Все же, несмотря на ее решительный отказ, он не выдержал и написал ей с пути. Штемпель на письме стоял Судан, и туда же он просил ответить, намереваясь после скитаний по пустыне вернуться в этот порт.
С страшным волнением она прочла это письмо, но прочла всего один раз и тотчас же поспешила письмо сжечь, чтобы не перечитывать более и не останавливаться на тоскливых призывах его.
«Знаю, что мне не следовало бы посылать Вам этого письма, — писал ей Дружинин, — что это бесполезно, и все-таки пишу.
А вдруг... А может быть.
Помните, как в тот ужасный вечер я сказал Вам, что если когда-нибудь Стрельников... Не стану дописывать этих слов. Я знаю, Вы не могли их забыть. Теперь смысл этих слов погас сам собой, но зато есть другое.

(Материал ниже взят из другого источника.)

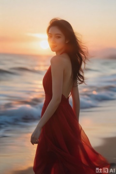 性感女性,她在海边日落时分漫步,身着飘逸的红色露背长裙,裙摆随海风飘动,风格是电影写真的浪漫氛围。橘红色的落日余晖从正面洒下,形成柔和的逆光效果,搭配柔光渲染,让人物周身笼罩一层金色光晕。色彩以落日红、海水蓝与沙滩金为主,冷暖交织极具美感,背景用动态模糊处理流动的海浪与晚霞,视角选用远景跟拍,展现人物与海边风光的融合,传递自由浪漫的感觉。,模糊动态背景
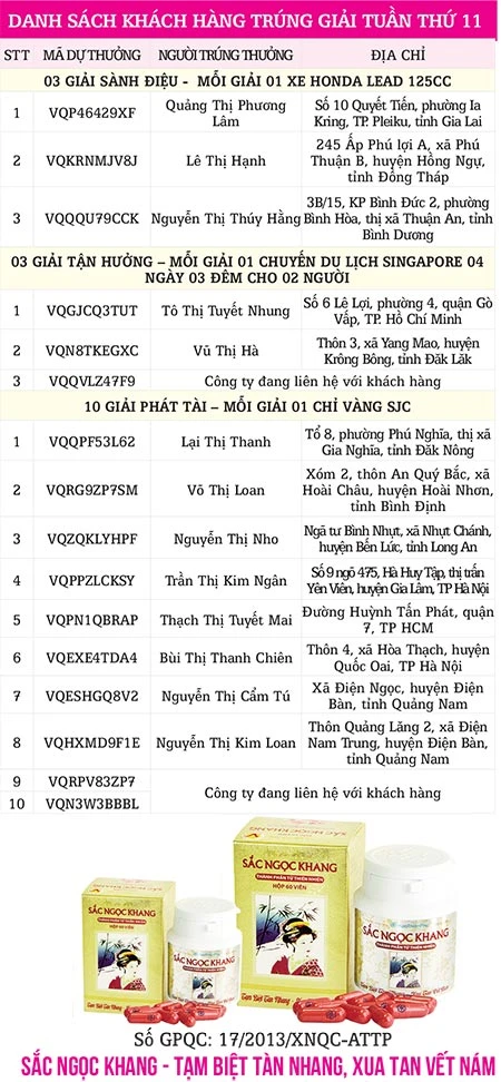 Nhãn hàng Sắc Ngọc Khang xin gửi lời chúc mừng đến 16 khách hàng may mắn tuần thứ 11, chương trình “Mua Sắc Ngọc Khang chính hiệu, nhận quà sành điệu”.
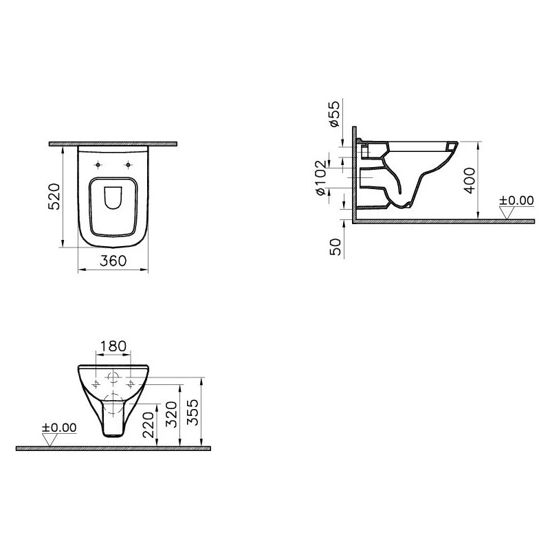 S20 Wall-Hung WC Pan 52cm
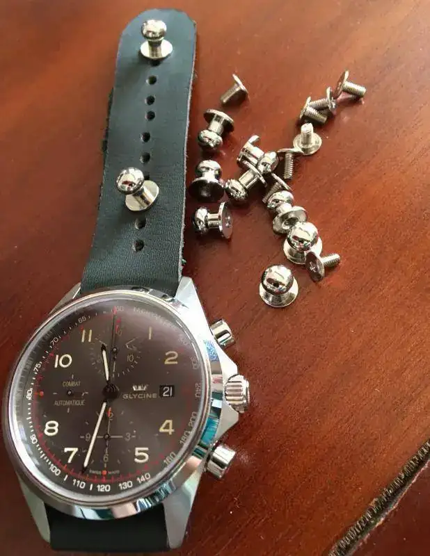 Ya llegaron de oriente los remaches... podéis buscarlos si os interesan por "leather buttom", así facilita mucho realizar correas caseras:
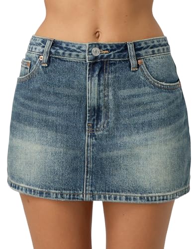 Betrodi Women Blue Denim Skirt Casual Low Waist Mini Jean Skirt Stretch Bodycon Low Rise Micro Cargo Skirt with Pockets (Basic Vintage, S)
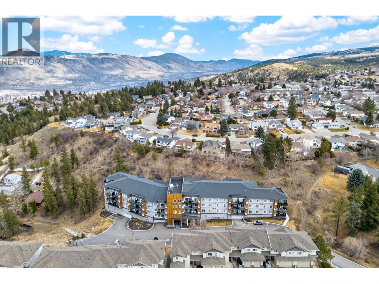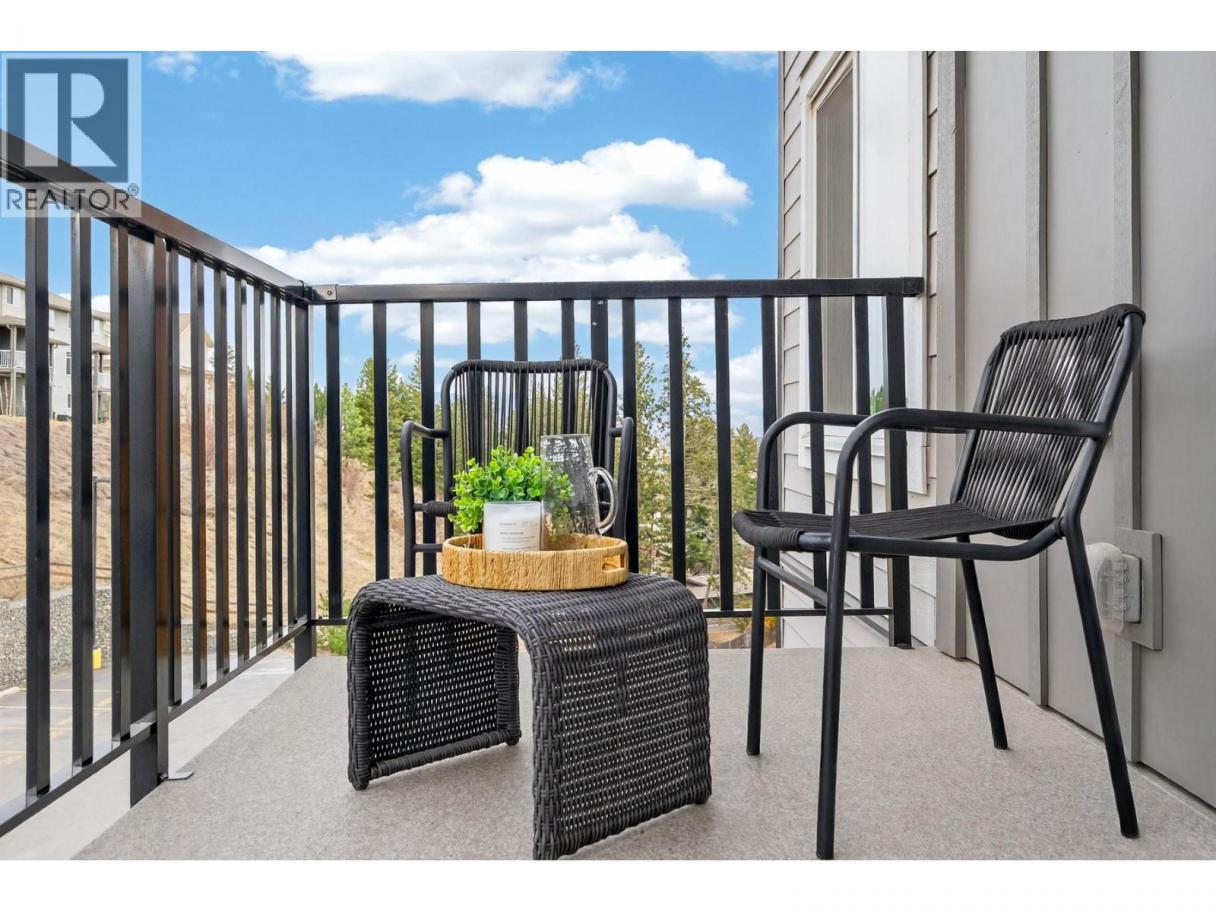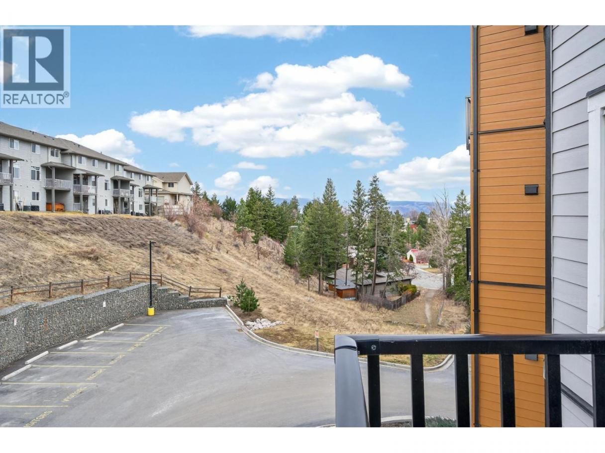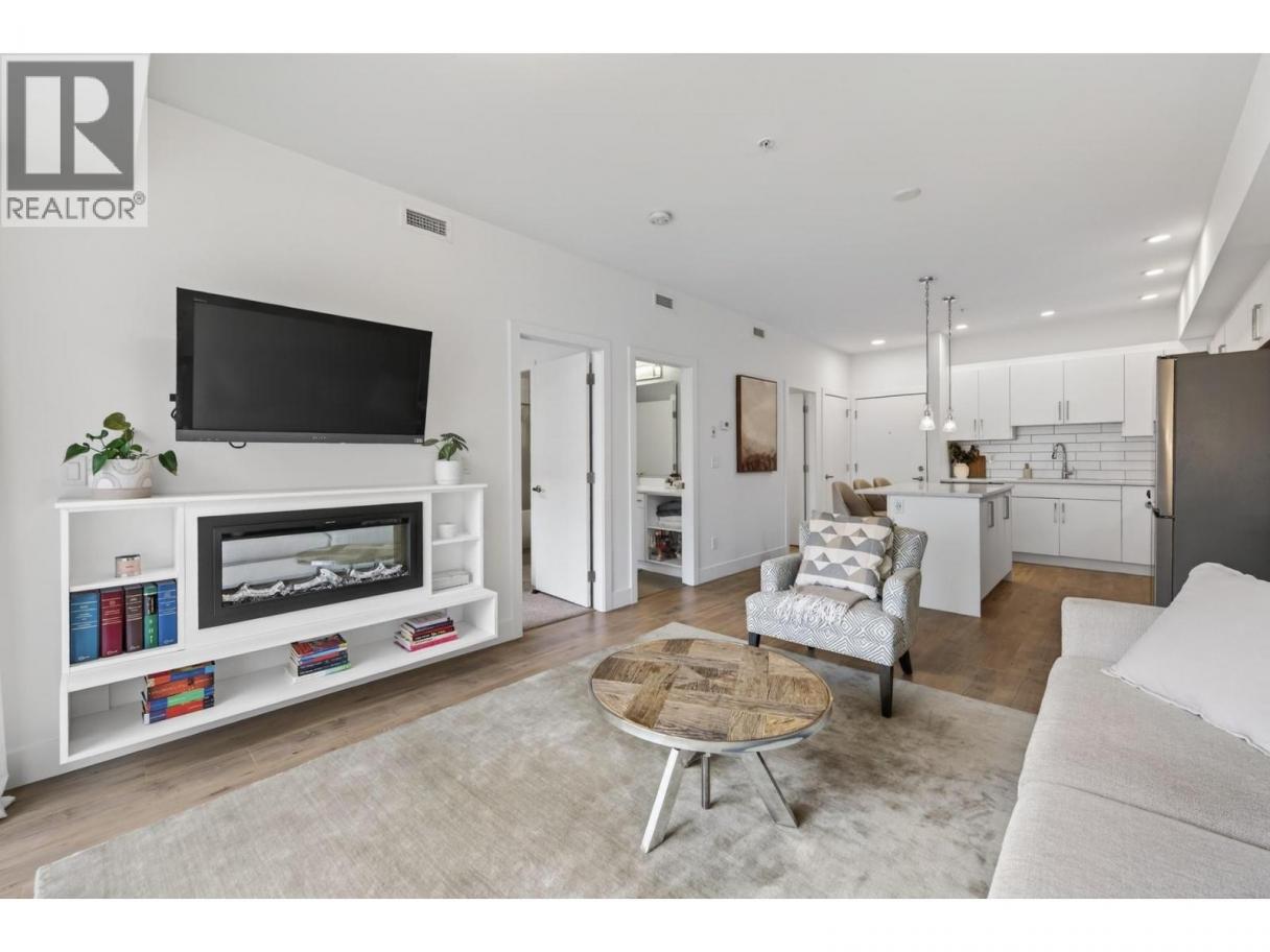 Immaculate 1 bedroom + den unit at The Rise in Sahali. Quietly located yet central to everything Kamloops has to offer, including minutes to TRU, Aberdeen Mall, restaurants, groceries, trails, and quick highway access. The modern kitchen features quartz countertops, a large island, sleek cabinetry, and stainless steel appliances including a gas stove. The open concept living area offers nine-foot ceilings and large sliding glass doors leading to the patio, bringing in perfect afternoon sunshine. Enjoy your outdoor space with a gas BBQ hookup and room for a couple of chairs or potted plants to create a cozy spot to relax. Comfort is key with central heating and A/C, ideal for Kamloops summers. The living room has built in shelving and an electric fireplace. The spacious bedroom includes a walk-in closet and convenient access to the bathroom, which features quartz counters, a generous vanity, and great storage. This unit also includes its own in-suite laundry and a versatile den that works perfectly as a home office, study space, or extra storage. Includes 1 secure underground parking stall and storage locker. Move-in ready with flexible completion available. An ideal low maintenance home for students, young professionals, first-time buyers, downsizers, or investors with a low strata fee of $239. (id:6769)
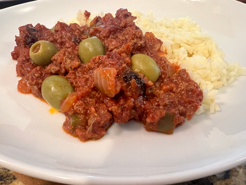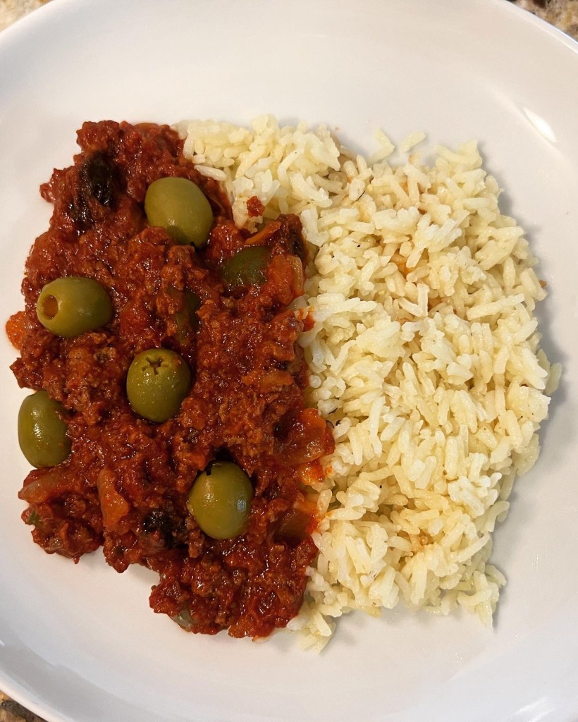 I used more ground beef and less tomato paste and sauce than Cleeton’s recipe called for, but I figured this was probably acceptable since this is how recipes become your own. Come to find out, tomato paste and sauce were common ingredients for Picadillo. This surprised me as Caribbean food always struck me as leaning more toward the fresher, less processed side of things. I would have figured big, garden-fresh tomatoes would have been hand-crushed to form the sauce. This is the path I personally would have taken since I don’t often buy tomato paste or sauce. No judgment here if you do, but I think I would like to try this route one day. Just waiting for my Roma tomato plant to start producing any day now…
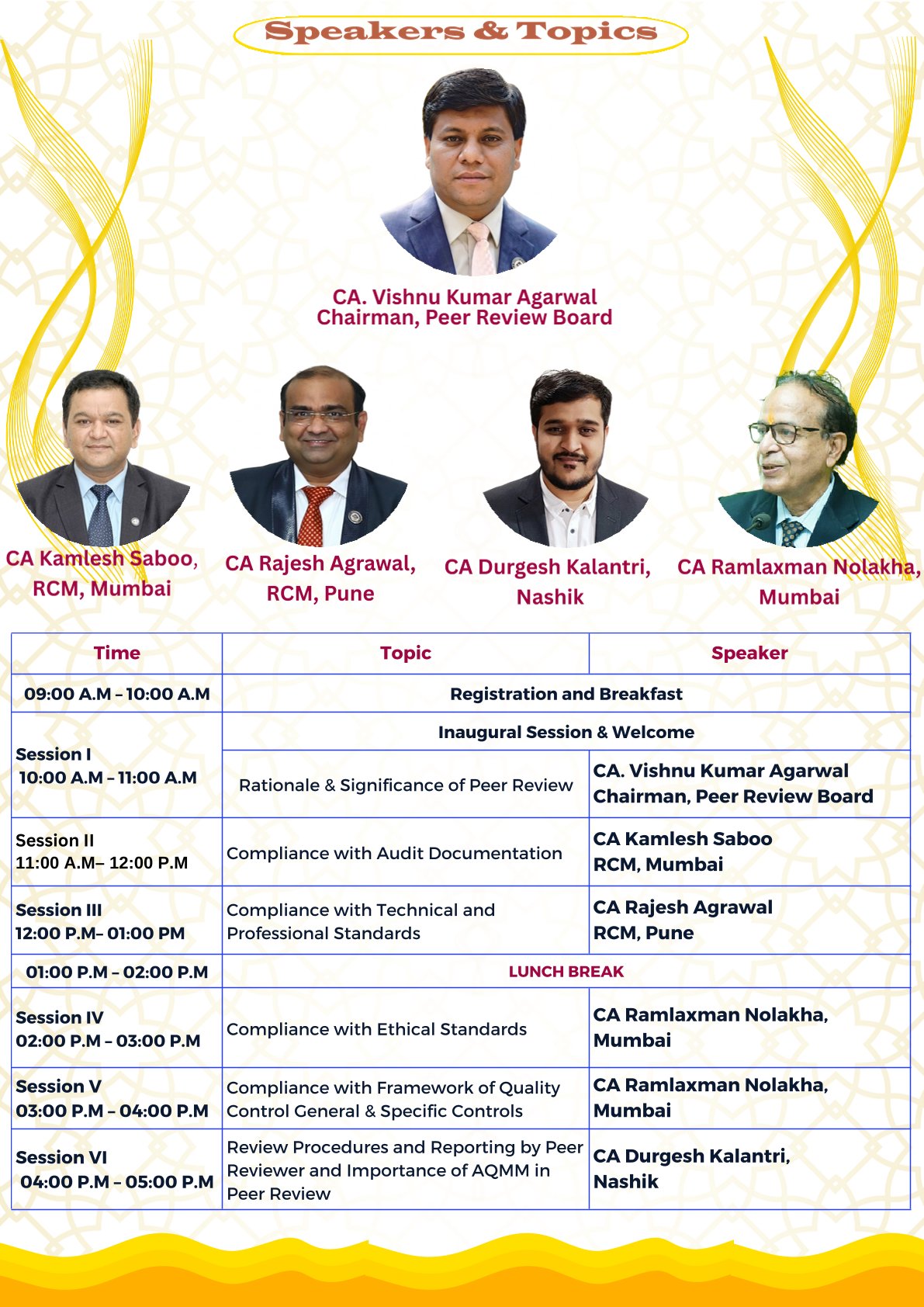 | Review Procedures and Reporting by Peer Reviewer and Importance of AQMM in Peer Review | CA Durgesh Kalantri, Nashik | 04:00 PM to 05:00 PM | N/A | N/A |
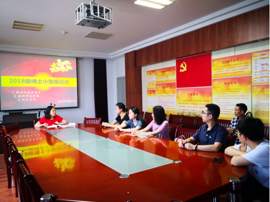 6月17日下午三点,2018级博士研究生在院会议室教室召开小型座谈会,会议围绕毕业基本要求、最新毕业政策、就业去向三个主题展开,研究生辅导员翟娟、2018级博士全体成员参加此次座谈会。
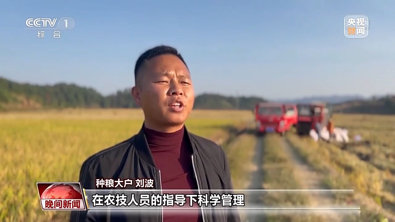 江西撫州黎川縣潭溪鄉(xiāng)蘆陂村種糧戶 湯希堯:按照這個速度今天一天就能全部割完。今年晚稻的長勢還算不錯,畝產都在千斤以上。
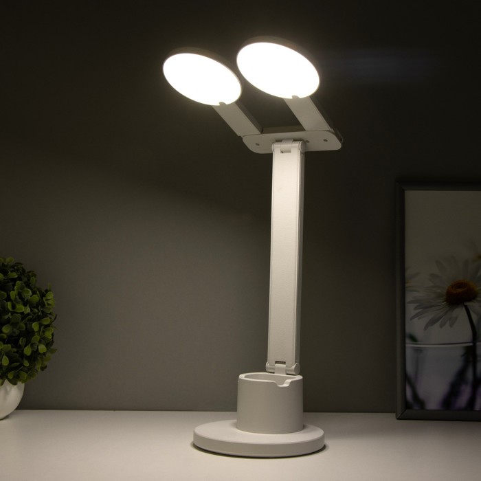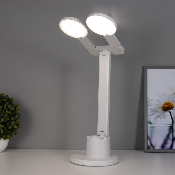 Настольная лампа сенсорная "Круги" с органайзером LED 20Вт АКБ USB белый 44х36х15 см RISALUX 78003
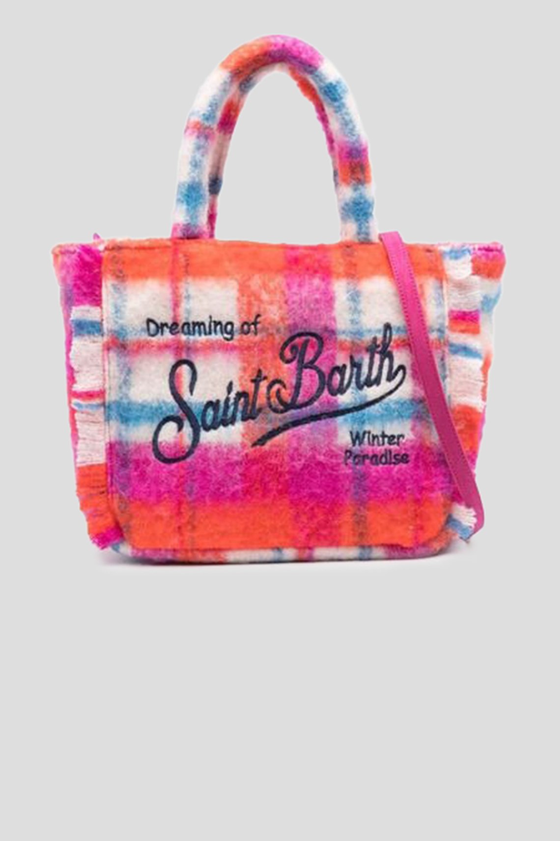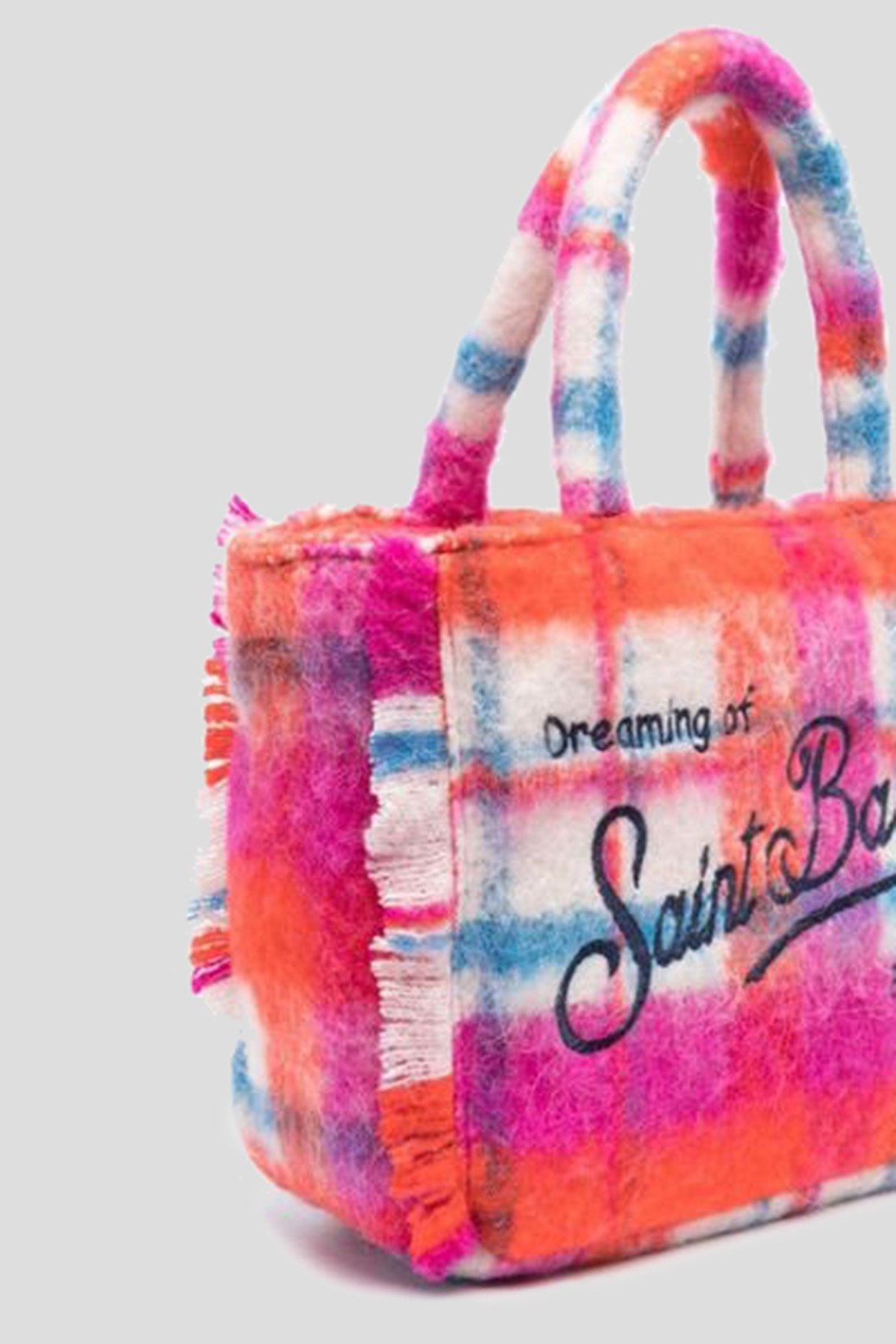 Женская разноцветная шерстяная сумка-тоут Colette от Mc2 Saint Barth (Mc2 Сент Барт). Клетка по всей поверхности, вышитый логотип, декор бахромой, две круглые ручки, съемный плечевой ремень, застежка-молния, одно отделение. Размеры: 29 x 25 x 14 см

Я знаю, что Вы любите его и видел, как любите. Я видел этот подвиг, и он победил меня. Его этот подвиг спас. Для чего спас, я не знаю. Может быть, для того, чтобы он понял, что несчастье это послано ему самой судьбой, дабы он познал цену и красоту иных радостей, иных сокровищ жизни, нежели те, которые он, как художник, постигал едва ли не одними глазами.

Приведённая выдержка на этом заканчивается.